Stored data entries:
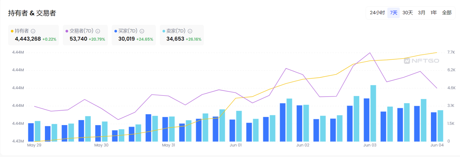 以太坊 NFT 总持有人数为 444 万,近七日交易者 53740 人,日均交易者 7677 人。
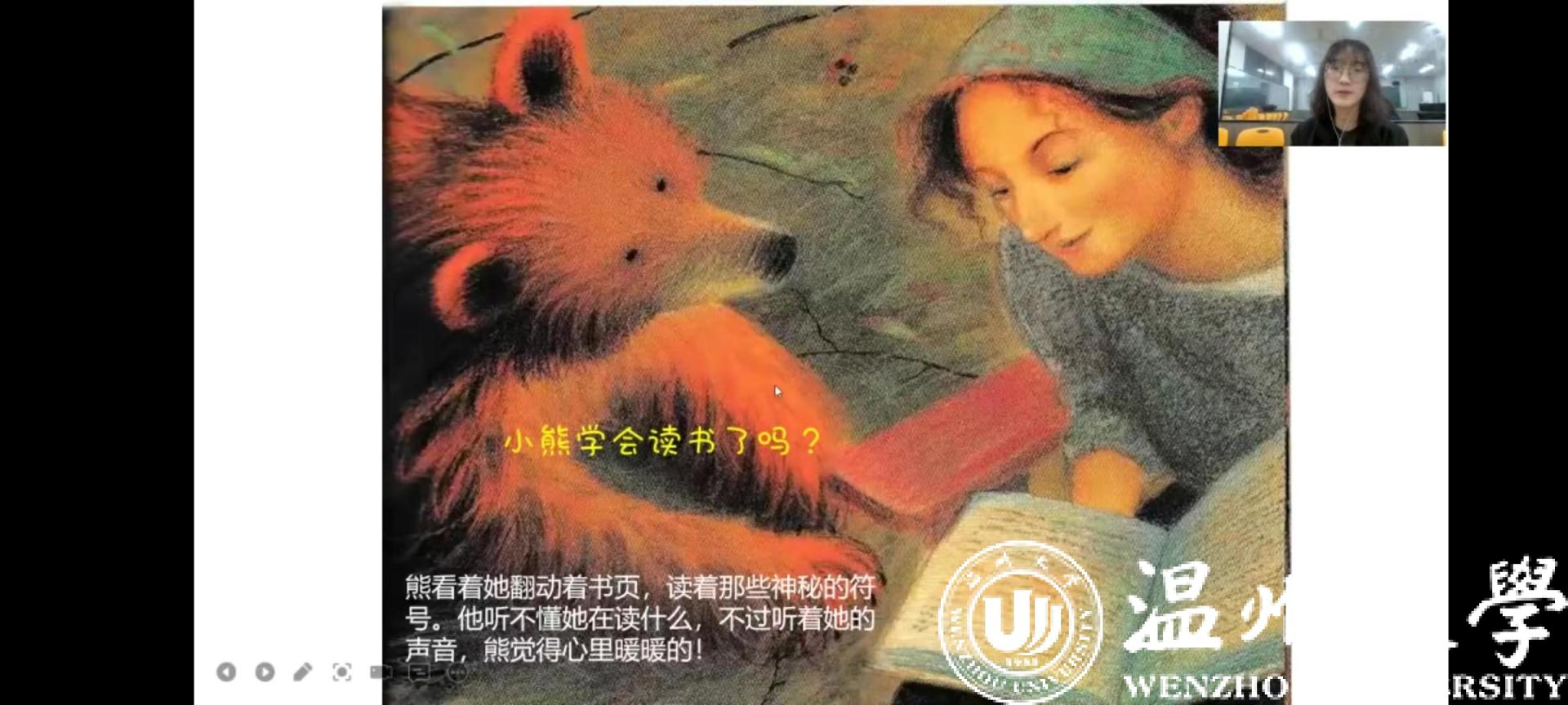 4月23日,是第27个世界读书日。亚洲无码 知心姐姐团队持续发挥自身师范生专业优势,围绕孩子们的需求和时代主题,以绘本方式融入生活事件,在线上通过钉钉形式带给了孩子们有意义的绘本课程——《爱听故事的大熊》。
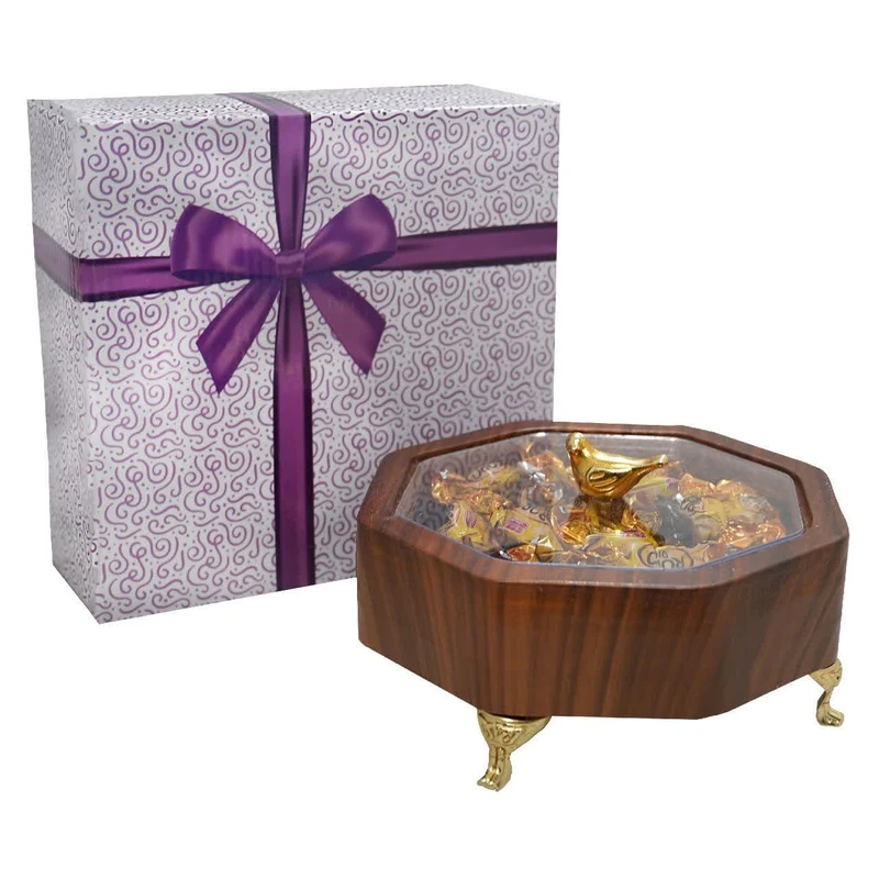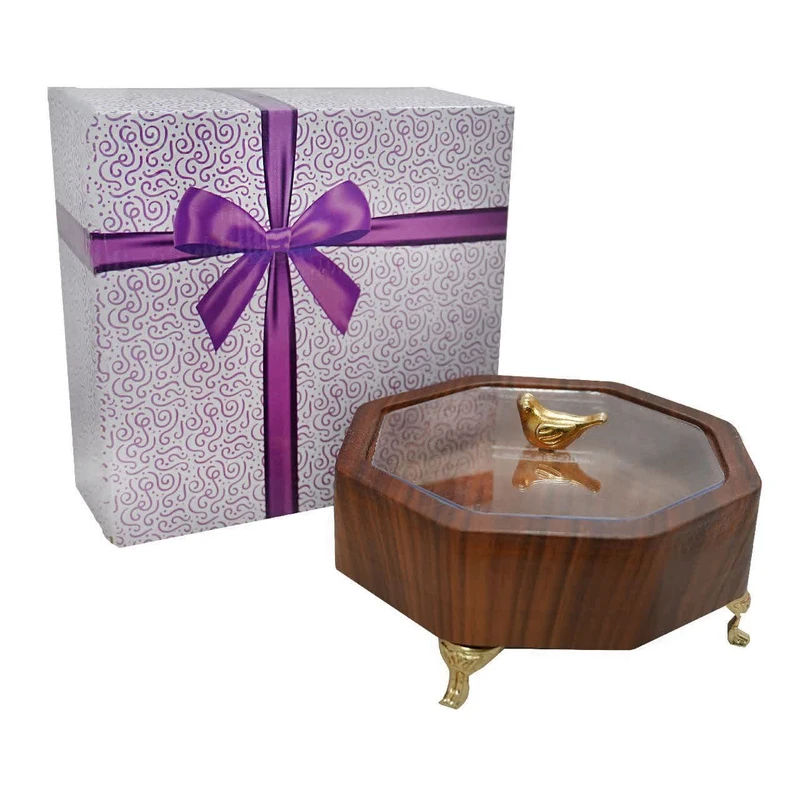 شکلاتخوری هشتضلعی با طرح چوب و پایههای فلزی طلایی، درب شفاف و پرندهی طلایی دکوری. انتخابی زیبا برای پذیرایی یا هدیه.
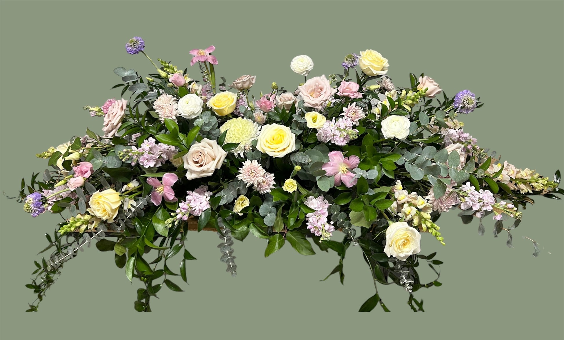 If opting for online checkout, please provide us with any custom details and preferences at checkout in the notes section. Kindly include: Color scheme, types of flowers, and size requirements. Let us know if the service will be open or closed casket as this will affect the design style.
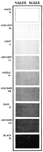 The Neutral Value Scale. In Chart D the scales are arranged to show the grays or neutral values that correspond to the different colors in their full intensity. In this chart yellow is as light as the gray wash called High Light (HL). Yellow-orange and yellow-green are of the same value as Light (L). Orange and green are of the same value as Low Light (LL). Red-orange and blue-green are of the same value as Middle (M). Red and blue equal the neutral value High Dark (HD). Red-violet and blue-violet are equal to Dark (D), and violet, the darkest color, is expressed by Low Dark (LD). Low Dark is almost black.
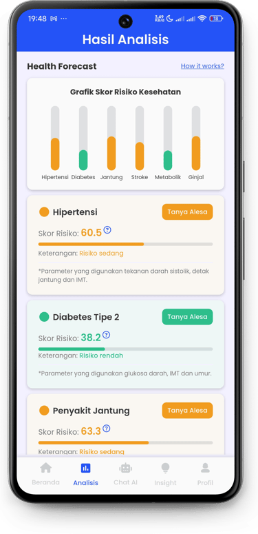 Chat AI cerdas jawab gejala & beri tips sehat berdasarkan data vitalmu, cepat, akurat, dan selalu siap 24/7 di genggaman.
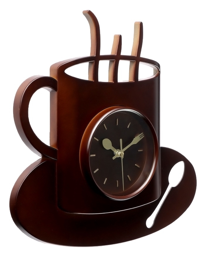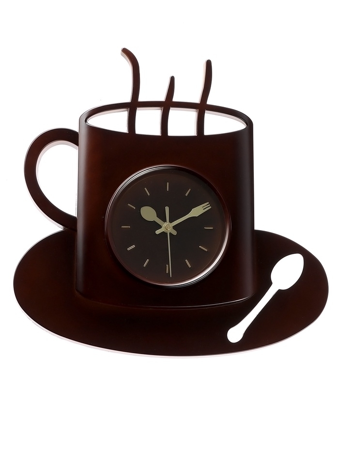 Часы настенные интерьерные для кухни «Чашка», плавный ход, 29×30 см, d-10.5 см, коричневые

Task to carry out: The data shown above must be printed again exactly, with no images included.

Your solution:
 以太坊 NFT 总持有人数为 444 万,近七日交易者 53740 人,日均交易者 7677 人。
 4月23日,是第27个世界读书日。亚洲无码 知心姐姐团队持续发挥自身师范生专业优势,围绕孩子们的需求和时代主题,以绘本方式融入生活事件,在线上通过钉钉形式带给了孩子们有意义的绘本课程——《爱听故事的大熊》。
 شکلاتخوری هشتضلعی با طرح چوب و پایههای فلزی طلایی، درب شفاف و پرندهی طلایی دکوری. انتخابی زیبا برای پذیرایی یا هدیه.
 If opting for online checkout, please provide us with any custom details and preferences at checkout in the notes section. Kindly include: Color scheme, types of flowers, and size requirements. Let us know if the service will be open or closed casket as this will affect the design style.
 The Neutral Value Scale. In Chart D the scales are arranged to show the grays or neutral values that correspond to the different colors in their full intensity. In this chart yellow is as light as the gray wash called High Light (HL). Yellow-orange and yellow-green are of the same value as Light (L). Orange and green are of the same value as Low Light (LL). Red-orange and blue-green are of the same value as Middle (M). Red and blue equal the neutral value High Dark (HD). Red-violet and blue-violet are equal to Dark (D), and violet, the darkest color, is expressed by Low Dark (LD). Low Dark is almost black.
 Chat AI cerdas jawab gejala & beri tips sehat berdasarkan data vitalmu, cepat, akurat, dan selalu siap 24/7 di genggaman.
 Часы настенные интерьерные для кухни «Чашка», плавный ход, 29×30 см, d-10.5 см, коричневые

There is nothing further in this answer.